In 1842, Le Maout qualified as a physician at the University of Paris, where he became a demonstrator of natural sciences in the Faculty of Medicine. Later he gave private lessons in literature and natural history. He was decorated with the Légion d'honneur in 1869.

in 1854, botanist Hugh Algernon Weddell published Maoutia which is a genus of shrubs or small trees in the nettle family (Urticaceae) and named in his honour.

==Works ==
- Le Jardin des Plantes (1842, 2 vol. in-8), with Louis Couailhac (1810–1885) and Pierre Bernard (1810–1876).
- Cahiers de physique, de chimie et d'histoire naturelle (1841, in-4)
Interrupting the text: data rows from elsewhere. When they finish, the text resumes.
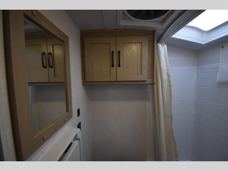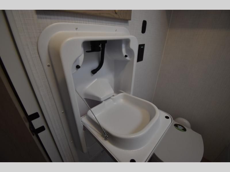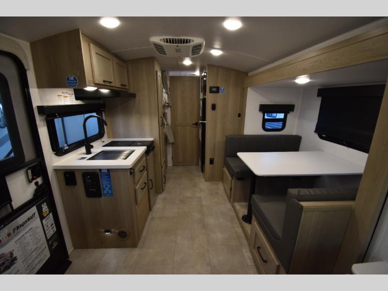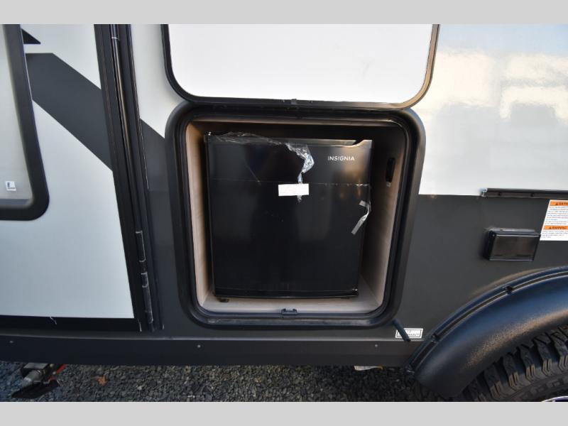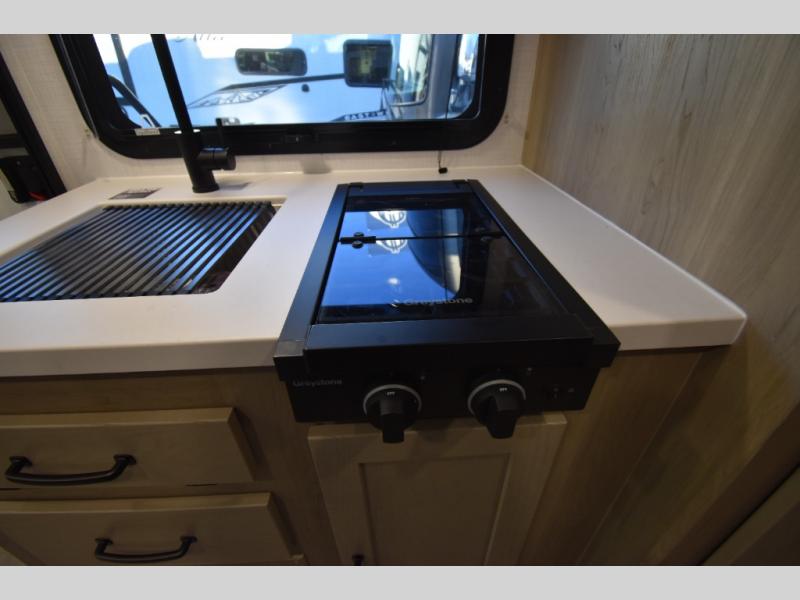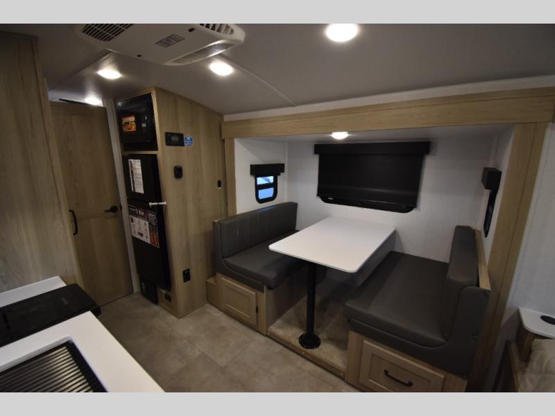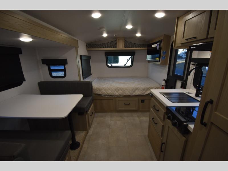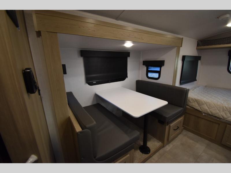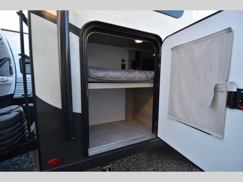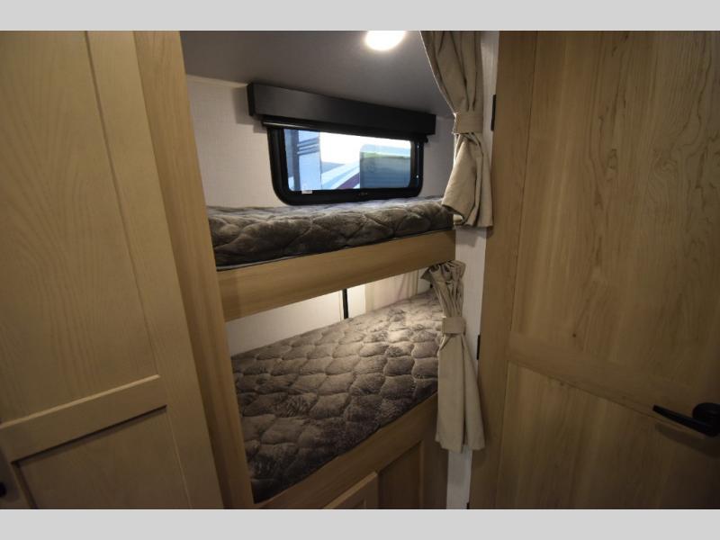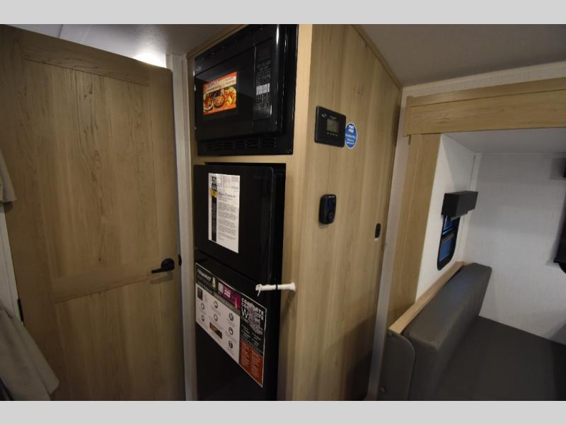 This spacious bunk trailer will work perfectly for a family or friend group that enjoys their own sleeping space, plus more floor space with the dinette slide out that can sleep one to two. The bottom bunk even flips up so you can stow away your bikes, totes and such through the bike door for secure travels. There is exterior storage for more outdoor gear, and interior storage found throughout. The cook will love having a pantry and overhead cabinets for snacks, canned goods, dishes and more. After making a warm meal, the 12V refrigerator can hold the leftovers. There is also a flip-down lavy sink in the full bath for added space when not in use!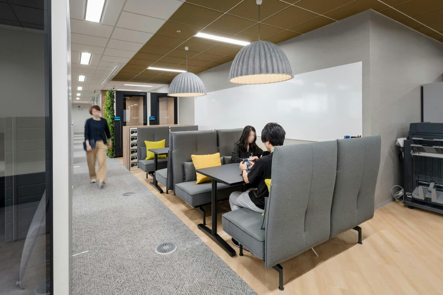 “余白“のひとつであるハドルスペース(Core Side)は、思い立ってすぐ打ち合わせができる場所。 執務エリアの近くに配置されているので、自席の延長という感覚でスムーズに移動することができます。 スペース内にはソファと観葉植物が配置され、まるで家のリビングのような居心地です。 程よいリラックス感は自由な発想を引き出します。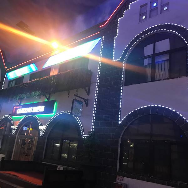 从青啤博物馆往西北走,不到1公里就到啦。说起青岛的景点,天幕城一定算是一个神奇的地方。因为,门口看它是这样的,像一座欧式城堡。但是当你踏入这座城堡的大门的一瞬间,一切都变了。明到暗,由白昼瞬间来到了黑夜。于是,天幕城的大门似乎是推开了一个新的世界,每一处都色彩艳丽,像是童话世界一般。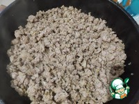 Фарш обжарить на сковороде с 1 луковицей, с добавлением специй и соли. |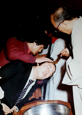 1980년대 초 양덕본당 사무장 시절 거행된 세례식에서 대부를 서고 있는 강남도씨. 강남도씨 제공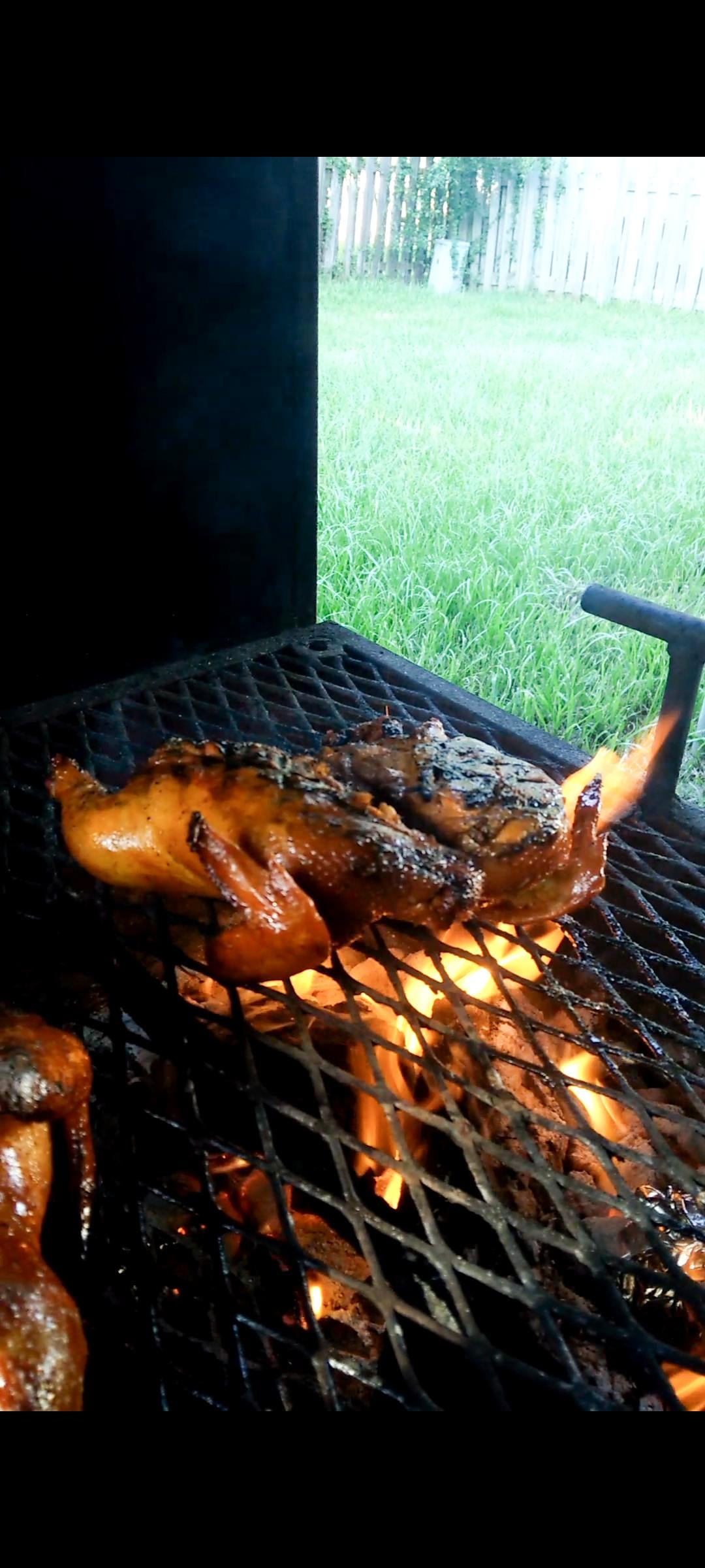 Recipe will be in the comments, but to keep it short this is an overnight brine. Chicken is spatchcocked and first grilled indirectly once at 140 i move it straight on the coals and give it the regio baste which is a Italian dressing baste with beer and lemon.

- Leçons analytiques de lecture à haute voix (1842, in-8; nouvelle édition, 1856)
- Leçons élémentaires de botanique, précédées d'un Spécimen, en 1843 (2 part, avec 500 gravures, 1845, 3e édition, 1867)
- Atlas élémentaire de botanique (1848, 1684 fig.), avec texte en regard
- Les Mammifères et les Oiseaux (1851–1854, 2 vol. gr. in-8, illustrés), belle publication d'où l'éditeur a tiré ses principaux envois à l'Exposition universelle de 1855
- Flore élémentaire des jardins et des champs (1855, in-18, 2e édition, 1865)
- Traité général de botanique (1867, in-4, 5 500 figures) avec Joseph Decaisne (1807–1882). English edition 1873.
- Les Trois Règnes de la Nature Tournefort Linné Jussieu (Curmer, 1851).